Eating straight from a can may be excusable while at college, but in a glitzy, glossy media company, I knew it wouldn’t go unheeded. I was copiously aware that I was pushing boundaries by even daring to bring stinky tuna in. If the security guard had checked my bag at reception, he would probably have confiscated it. My secret tuna habit went on for weeks. Weight was falling off me in handfuls so it was little surprise when the inevitable happened.
As I walked into the office bright and early one morning one colleague asked “Have you lost weight?”
It was a like a domino effect from that day; two, three, seven, twelve people asked. Soon, I’d rallied a very big fat reaction to my super small figure.
Of course, every time I was asked my face lit up, I smiled and I replied something along the lines of, “Why yes, I have. Thanks for noticing”. Because that’s what we’re trained to say when someone asks the million dollar question, isn’t it?
Let’s stop right there. Why do we presume asking, “Have you lost weight?” is an acceptable question? Weight is a very personal issue.
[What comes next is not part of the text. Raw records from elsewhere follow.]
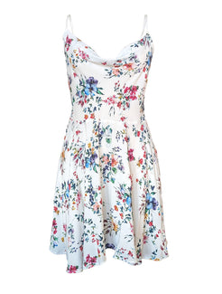 This Sofia White Floral Mini Dress is a modern vision of femininity. Made from high-quality Rayon fabric adorned with a delicate floral print, this mini dress is the perfect addition to your wardrobe. The cowl neckline adds a touch of elegance, while the adjustable strap and elastic in the back ensure a comfortable and flattering fit.
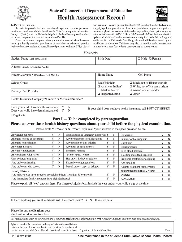 Ct Health Assessment Form
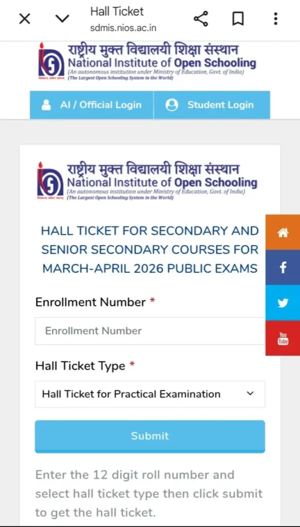 | एडमिट कार्ड डाउनलोड करने की आधिकारिक वेबसाइट | https://sdmis.nios.ac.in/ |
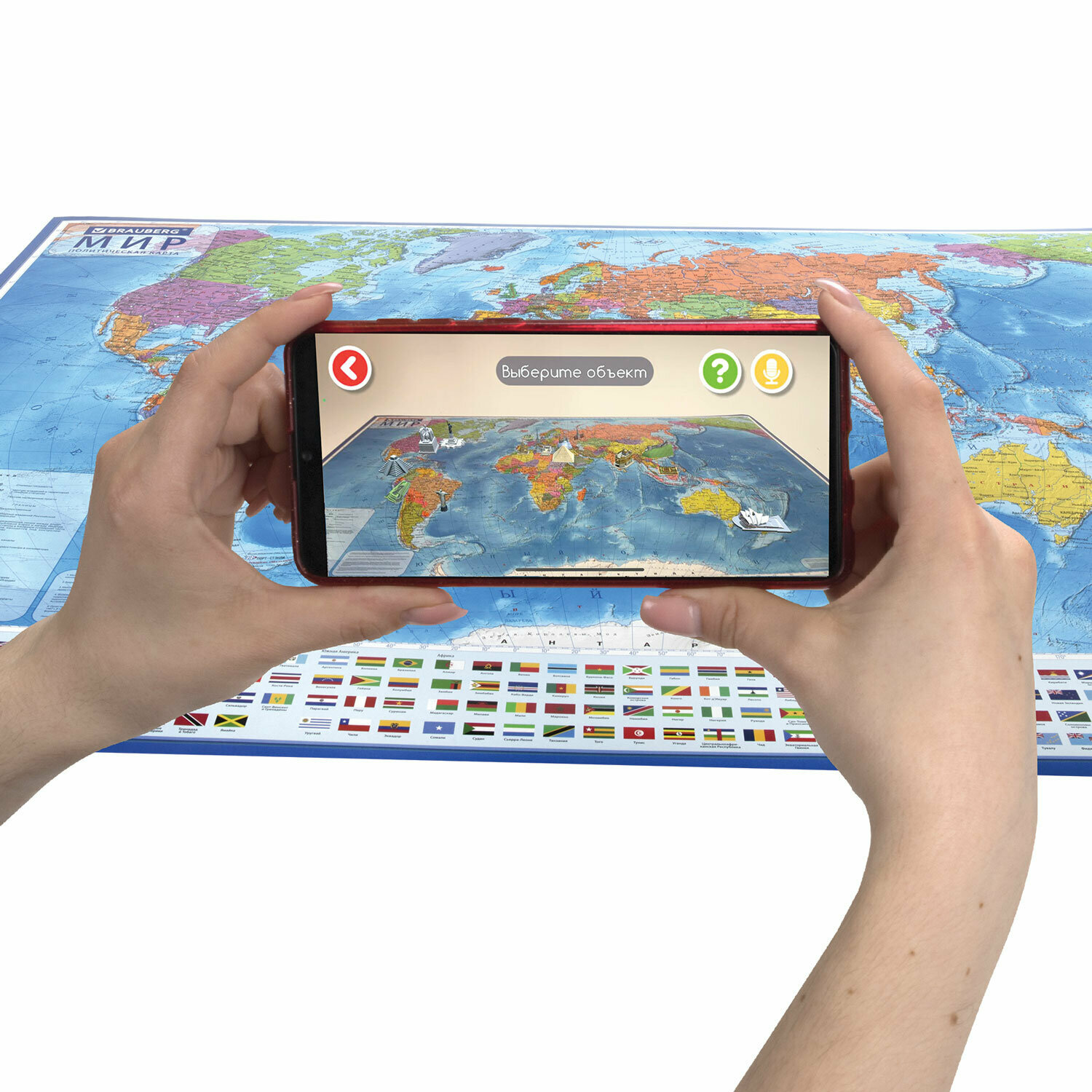 На политической карте мира BRAUBERG отображается современное политико-административное устройство мира: названия государств и их столицы, крупнейшие города и границы стран. Ниже расположены государственные флаги. Окунитесь в волшебный мир вместе с интерактивной картой мира BRAUBERG благодаря приложению IQ Globen!Начните свое путешествие в другие страны, наведя смартфон на государственные флаги. Помимо общих сведений о государствах, будут даны интересные факты о жителях, их обычаях и традициях. Возможности приложения на этом не заканчиваются: оно проведет пользователя по удивительным местам, поведает о растительном и животном мире, о первооткрывателях и космодромах, а также покажет достопримечательности. Скачайте приложение IQ Globen на IOS или Android, в главном меню выберите "Карты", откройте карту мира и наведите камеру на один из материков. Эффект дополненной реальности не заставит себя ждать. Герои приложения помогут в изучении мира.Настенная карта мира с масштабом 1:28 000 000 обладает размером 117х80 см. Выполнена из ламинированной бумаги плотностью 170 г/м2. Поставляется в упаковке с европодвесом.
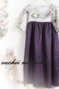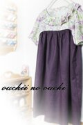オーバーで胸の上の切り替えが優しい雰囲気のシルエットをつくって素敵です。またリバティで襟元の巻きロックフリル仕上げにしておりますので

Probably for men, but definitely for women.
It’s a sensitive topic and you are opening a can of tuna when you ask it.
Unfortunately in my case, what no one added to the question was, “Are you okay?”. If they had, the answer would have been a big fat no. I was stressed, exhausted and desperately unhappy. Probably what they meant was, ‘You look good’. I know that’s what I’ve meant when I’ve been guilty of asking someone the question. In that case, the correct words are, ‘You look good’, which is just as positive, without reinforcing a size-based judgement.
Such judgements are all around us. Our obsession with weight is a weighty issue which weighs us down every day. Unachievably lithe bodies grace magazine covers, TV ads, billboards and bus shelters that light up at night.
Weight references are so woven into the snug-fit fabric of society we presume that if someone has lost weight, they’re happy about it.
Newsflash: thin doesn’t mean happy any more than rich does. How about we stop commenting on other people’s weight entirely? We don’t know the private battles anyone is scrapping with the scales or whether they’ve weighed themselves that morning and felt a wave of self-loathing or distress at the figure glaring back at them. Asking someone if they’ve shed weight is as inappropriate as asking someone who is trying to conceive if they’re pregnant.
Watch any chat show about eating disorders and you’ll hear psychologists talk about anorexia being linked to a desire to control your life and emotions. To a much lesser degree, for many people, trying to control what we eat happens when other areas of our life spiral out of control.
With that in mind, will you think twice before you ask the million dollar question next time?
At the very least, avoiding asking is the best way to avoid the awkward silence if they put it back on when they get happy again.